On Sun, Dec 14, 2008 at 6:06 PM, Ned Freed 
<ned(_dot_)freed(_at_)mrochek(_dot_)com> wrote:

i note that the draft describes the infoset rather than defining it in
the standard way. is there a reason for this decision?


I don't know what "the standard way" is you're referring to. Perhaps you
could provide a reference to an RFC where this has been used?

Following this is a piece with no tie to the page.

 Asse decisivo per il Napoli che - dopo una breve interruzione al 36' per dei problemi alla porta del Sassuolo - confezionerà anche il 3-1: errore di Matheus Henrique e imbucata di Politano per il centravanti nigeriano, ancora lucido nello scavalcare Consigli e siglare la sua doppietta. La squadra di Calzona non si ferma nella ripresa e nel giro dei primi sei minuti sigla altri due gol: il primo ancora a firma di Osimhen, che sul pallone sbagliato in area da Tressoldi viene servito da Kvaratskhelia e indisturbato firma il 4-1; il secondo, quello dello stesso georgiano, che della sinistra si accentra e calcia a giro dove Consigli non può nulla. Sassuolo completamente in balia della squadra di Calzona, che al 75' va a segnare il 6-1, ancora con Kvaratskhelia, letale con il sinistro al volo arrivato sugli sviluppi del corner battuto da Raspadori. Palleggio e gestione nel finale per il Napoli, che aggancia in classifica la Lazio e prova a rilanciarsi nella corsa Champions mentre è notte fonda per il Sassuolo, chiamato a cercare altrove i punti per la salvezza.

AIUI XML is maintained by w3c (rather than IEFT) so is a
recommendation. http://www.w3.org/TR/xml-infoset/ is the current
document.


Quite true, however, the IETF has its own specification for XML is supposed to
be used in RFCs: RFC 3470. And while infosets are mentioned as one approach to
specifying things about an XML format, there's no recommendation, let alone
requirement, that they be used.

This document is a little unusual in that it's defining a mapping of, if 
you
will, a non-XML infoset onto XML. As such, the natural approach seemed to 
be to
first discuss the structure of the language being mapped, then explain the
mapping, and finish up with additional unique-to-XML semantics.

i agree that most of this arangement is natural. it's just jumping to
a schema seems - to me - a little premature and inflexible.

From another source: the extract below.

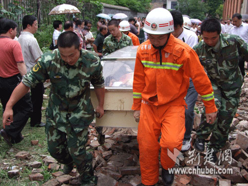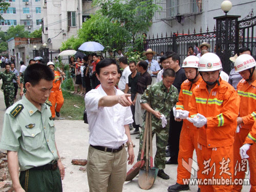 事故發(fā)生后,石首市市委書記鐘鳴、市長張善彩、石首市市委常委、紀(jì)委書記張遠(yuǎn)梅、公安局長唐敦武迅速趕赴現(xiàn)場,指揮公安、消防、醫(yī)療等部門做好事故處置工作,并組織人員清理現(xiàn)場磚塊。經(jīng)法醫(yī)驗(yàn)尸后,2名遇難者遺體被消防官兵抬上殯棺送往殯儀館。

First of all, the use of XML Schema is in fact too inflexible to be allowed
to continue. The next revision will use Relax instead.


XML schema is flexible but the flexibility comes at the price of
readability. one of relax variants would be a better choice.

however (in my experience) the generative tools commonly used for XML
and web service binding, and editor generation tend not to offer good
relax support. IMO the draft should offer secondary informative XML
Schema or Schemata to assist developers using these tools.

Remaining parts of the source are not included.